The Eteman stared at Leiyn, but Leiyn could not look up.  She guessed that Zaki knew as well as she they had no such guarantees. But they did not contradict her.

“When the time comes,” Leiyn continued, meeting Zaki’s gaze, “when it’s time to rebel, I hope I can count on you.”

Zaki smiled and gripped Leiyn’s shoulder. Their chain knocked against Leiyn’s where it hung from her collar.

“Of course,” they said. “You have but to let me know.”

“Thank you, Zaki.” The slighest of smiles touched Leiyn’s lips. Though the odds were stacked against them, to have someone on her side made escape seem possible.

***

It would have been wiser to return to her chambers and sleep. Her fever raged, her skin burning hotter than ever. Her body weakened with every step.

Yet only one corridor remained. She could not rest until she saw it.

Replacing her candle with a fresh one from the altar, she staggered from pearl brazier to brazier until she passed the statue to San Jadiel. San Inhoa loomed to her left.

If there was a patroness of death among the Saints, Inhoa best qualified. She was shown as a curvaceous woman, dark and beautiful in a way that reminded Leiyn unpleasantly of Sister Adelina. Her statue was veiled so as to hide her eyes and fine features, yet Leiyn felt as if the Saint’s stony gaze followed her. The four-pointed sun, an archaic symbol of Omn, she held aloft; “Inhoa’s Star,” Gran Ayda had called it.

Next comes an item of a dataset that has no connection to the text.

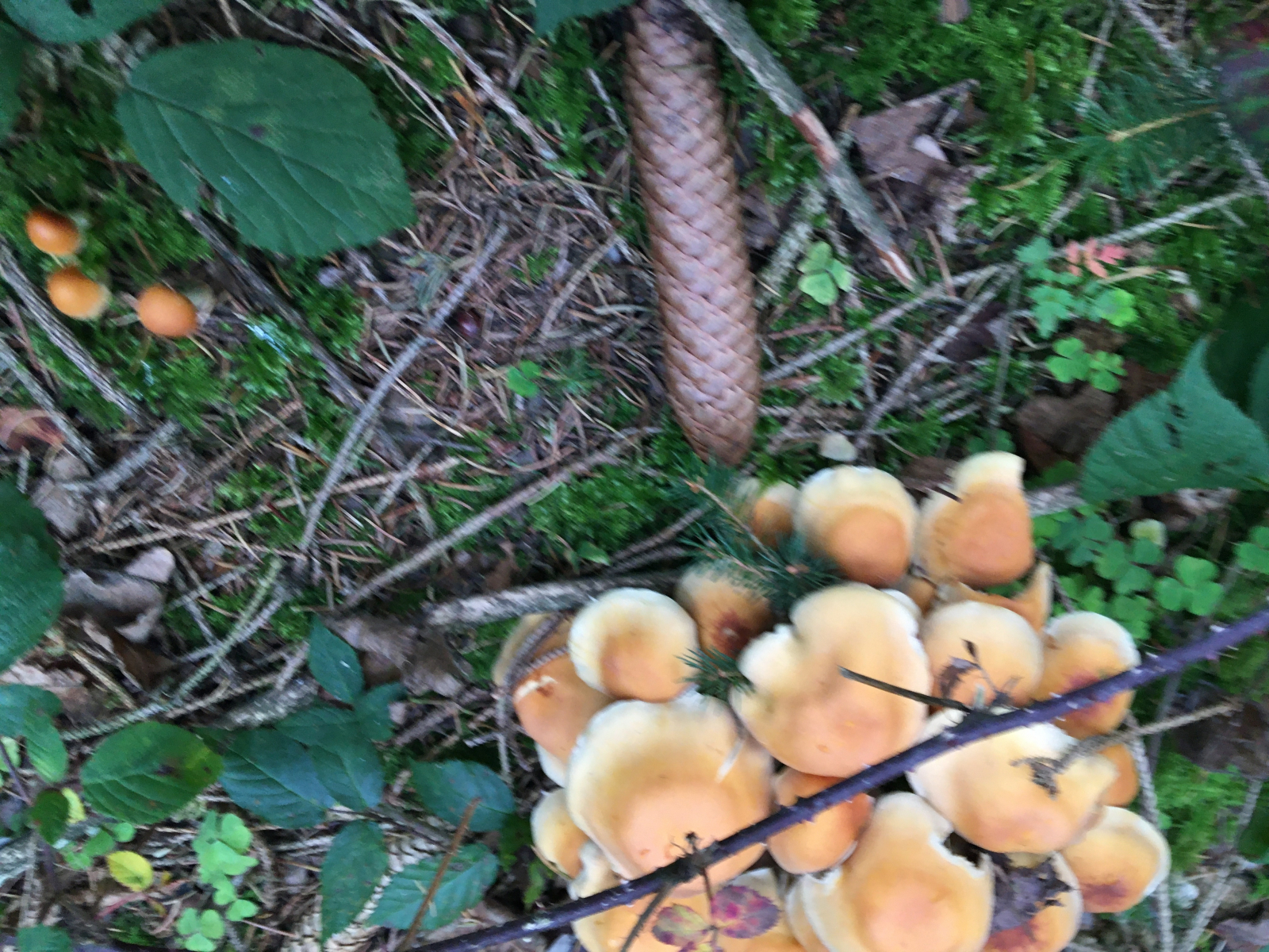 Pilz 1 meiner Meinung nach der gelbe Knollenblätterpilz. Zwei Exemplare waren sichtbar.Nur mit der Stielbasis bin ich mir unsicher. Die ist in meinen Büchern gleichmäßiger rund?Könnte Pilz 2 ein wurzelnder Schwefelkopf sein? Geruch war angenehm. Wuchs teilweise auf holzstumpf teilweise scheinbar am boden.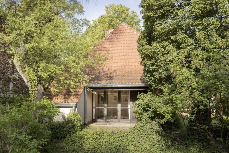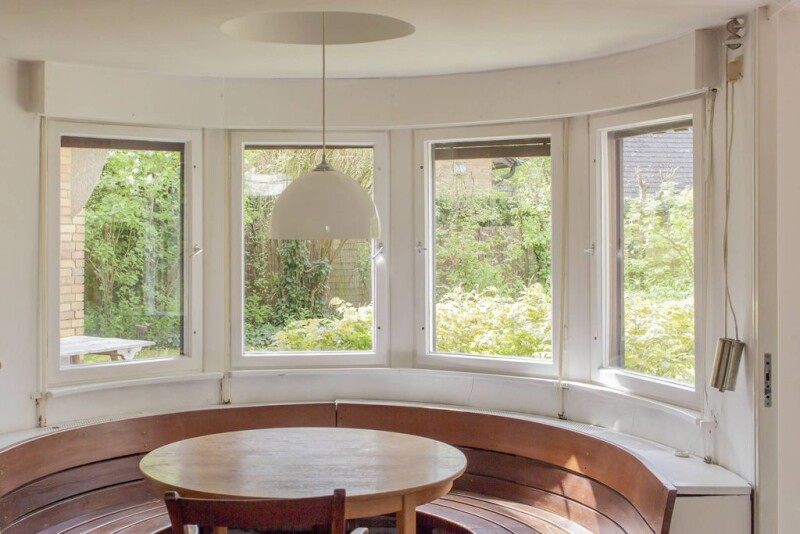 The largely original house was built in 1939/40 and is one of the few private residential designs realized by Hans Scharoun between 1933 and 1939. During a period of inner emigration, when Scharoun had to rely on private commissions to sustain himself, the exterior design of the house remained relatively conventional, while the interior allowed for maximum creative freedom. Developed in close collaboration with landscape architects Mattern and Hammerbacher, the house is a unique work in which garden and architecture form a harmonious unity. The garden is consistently conceived as an extension of the interior spaces into the landscape, establishing a symbolic connection with the residence. The spatial design differentiates niches, levels, and transitions, with bedrooms and bathrooms deliberately conceived as intimate and cozy spaces on the upper floor—placing comfort above representational grandeur. Thoughtfully placed niches and built-in wardrobes throughout the house exemplify Scharoun’s functional and timeless approach. A characteristic feature of the house is the use of wood and stone as building materials, which lend warmth and naturalness to the structure. The open-plan interior allows for a seamless flow between living and working areas, while smaller living spaces can be separated by folding doors. The garden spaces surrounding the house form distinct “layers” that transition smoothly into one another, showcasing the successful collaboration between the architect and landscape designers. Gently contoured levels and fluid transitions define the overall aesthetic, seamlessly merging the living space with nature. Since its construction, there have been no significant changes to the original state of the house. Both the interior and exterior largely retain their original appearance. In the early to mid-1990s, the exterior façade was re-plastered, and the roof covering, wooden cladding, and plumbing elements (roof drainage, windowsills, etc.) were renewed. Inside, new terracotta flooring was installed in the dining area, children's play area, and kitchen. During the same period, both bathrooms were newly tiled, and the sanitary fixtures were updated. The gas condensing heating system is approximately 18 years old. The Mohrmann House stands as an important example of Scharoun’s experimental approach to architecture and his vision of integrating buildings into their natural surroundings. More than eighty years after its construction, it remains a fascinating testament to a modern, functional, and aesthetically refined living space—where functionality and elegance are masterfully combined.

Only as Leiyn stumbled into the corridor did she halt. If Belen was awake, the captain would already have heard Leiyn’s clumsy footsteps and seen her candlelight. There was no avoiding a confrontation if the captain wished for one.

Inching around the bend, Leiyn peered into the first alcove. She started at a glimpse of a silhouette, but Belen appeared to be seated and turned away from her. Facing the wall, knees tucked into her chest, she resembled a child afraid of sleeping lest they return to a nightmare.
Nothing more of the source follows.